"Wieczorem" (słońce jeszcze nad horyzontem) dopływamy do Tallinna. Z morza stolica Estonii wygląda jakoś tak przyjemniej niż dwie poprzednie - nie wiem, czemu; jeszcze może się dowiem.
Wjeżdżamy i powoli widzimy pewne cechy związane z okresem sowieckim, choć na pewno Estonia jest jednym z tych krajów, które najszybciej się z tamtej zapaści wyrwały - to tutaj ma być na przykład wkrótce wprowadzone euro (o ile nie wpłynął na to słynny kryzys) i to ten kraj zajmuje zawsze miejsca w czołówce unijnych rankingów komputeryzacji i "internetyzacji".
W jednym z oficjalnych serwisów czytamy: "Sieć publicznych punktów dostępowych do internetu pokrywa swym zasięgiem większość estońskich miast". Nasz
Lilleküla Hotell też oznaczony jest logo "wifi.ee", a ja w tej chwili po prostu podpiąłem się kablem do sieci. Nie dziwiło nas też, że na
m/s Baltic Princess, którym to estońskim promem tu przypłynęliśmy, był bezprzewodowy otwarty internet.

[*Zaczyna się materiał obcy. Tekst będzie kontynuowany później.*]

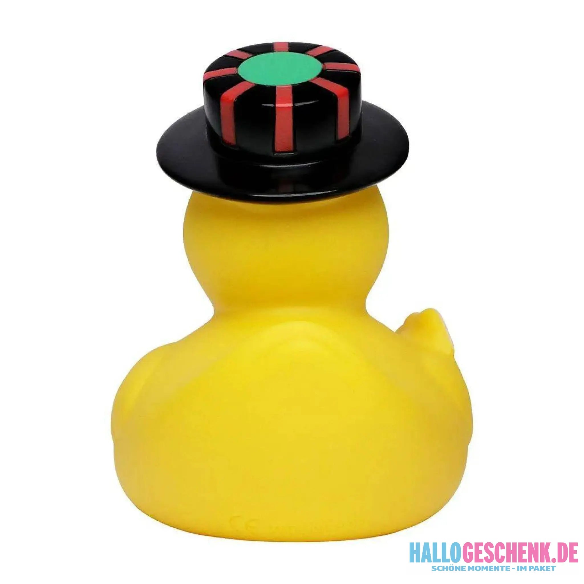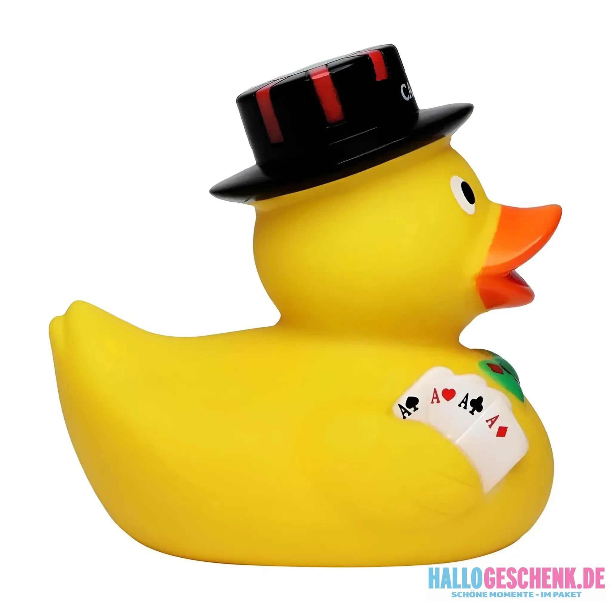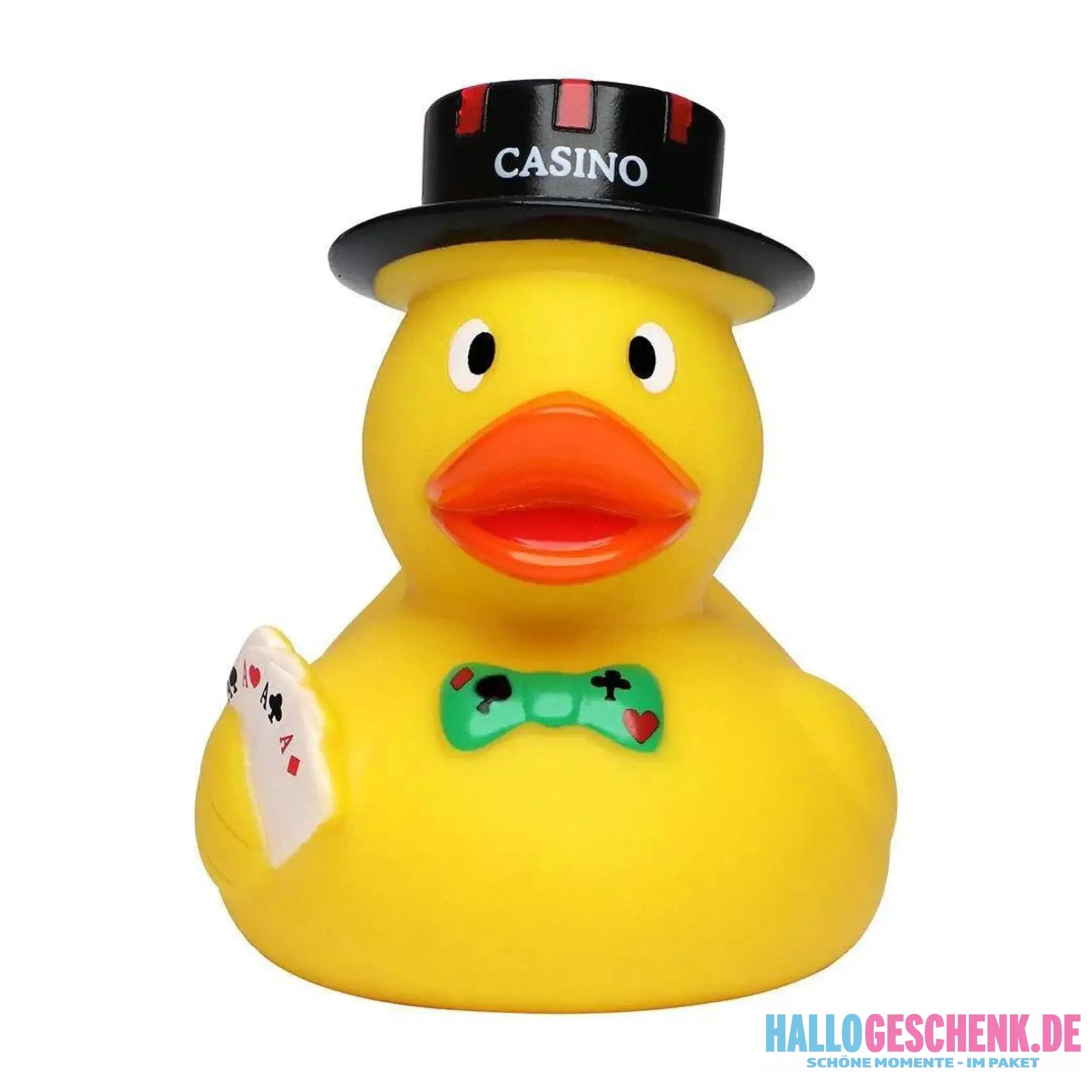 Die Pokerente mit Quietschfunktion blufft nicht! Mit 4 Assen auf der Hand gewinnt sie immer. Besonders geeignet als Aufmerksamkeit für Casinos. Passend angezogen ist sie mit grüner Fliege mit aufgedruckten Spielfarbensymbolen bereits. Mit dem Zylinder auf dem Kopf, der von oben aussieht wie ein Jeton, bringt sie auch gleich Ihren Einsatz mit.

Dla porównania, na polskim
m/f Scandinavia nie było nic, a na fińskim
m/s Gabriella - dwa stanowiska z internetem płatnym (pamiętam 50 centów za 3 minuty, dłużej wychodziło nieco taniej ;) ).

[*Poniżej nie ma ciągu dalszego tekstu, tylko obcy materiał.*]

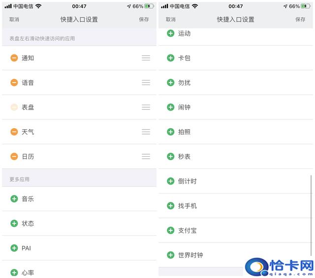在表盘状态下,向右滑动照旧是呼出小爱同窗,向左滑动不再是支付宝二维码,而是晋级为快捷方式。截止到目前,能够添加的快捷方式有通知,天气,日历,运动,卡包、拍照和时间时钟等23个快捷入门,大大提升了用户的运用体验。
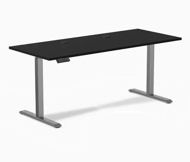 Desky Single Sit Stand Desk - Black / 70.9 x 29.5 in with Grommets / Space Gray

Często czyta się w Polsce o niechęci mieszkańców dawnych nadbałtyckich republik sowieckich do języka rosyjskiego. Ale obsługa promu porozumiewała się w tym właśnie słowiańskim języku, w Tallinnie widać pisane grażdanką reklamy. Recepcjonistka mówi po angielsku z wyraźnym rosyjskim akcentem... To jak to w końcu jest?

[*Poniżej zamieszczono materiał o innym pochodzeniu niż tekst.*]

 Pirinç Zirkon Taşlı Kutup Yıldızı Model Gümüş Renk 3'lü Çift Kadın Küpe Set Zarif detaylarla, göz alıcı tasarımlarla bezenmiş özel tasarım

Do hotelu trafiamy niezupełnie celowo - zadzwoniwszy rano do zarezerwowanego hostelu, dowiadujemy się o "przekierowaniu" do Lilleküli, bo nasz hostel jest nieczynny. Wygląda na to, że wyszliśmy na tym całkiem dobrze.
(i) Lilleküla Hotell, Tallinn Kesklinn, Luha 18 B; trzeba tylko raz skręcić od drogi E67; można też dotrzeć tramwajem linij 3 i 4 oraz kilkoma autobusami.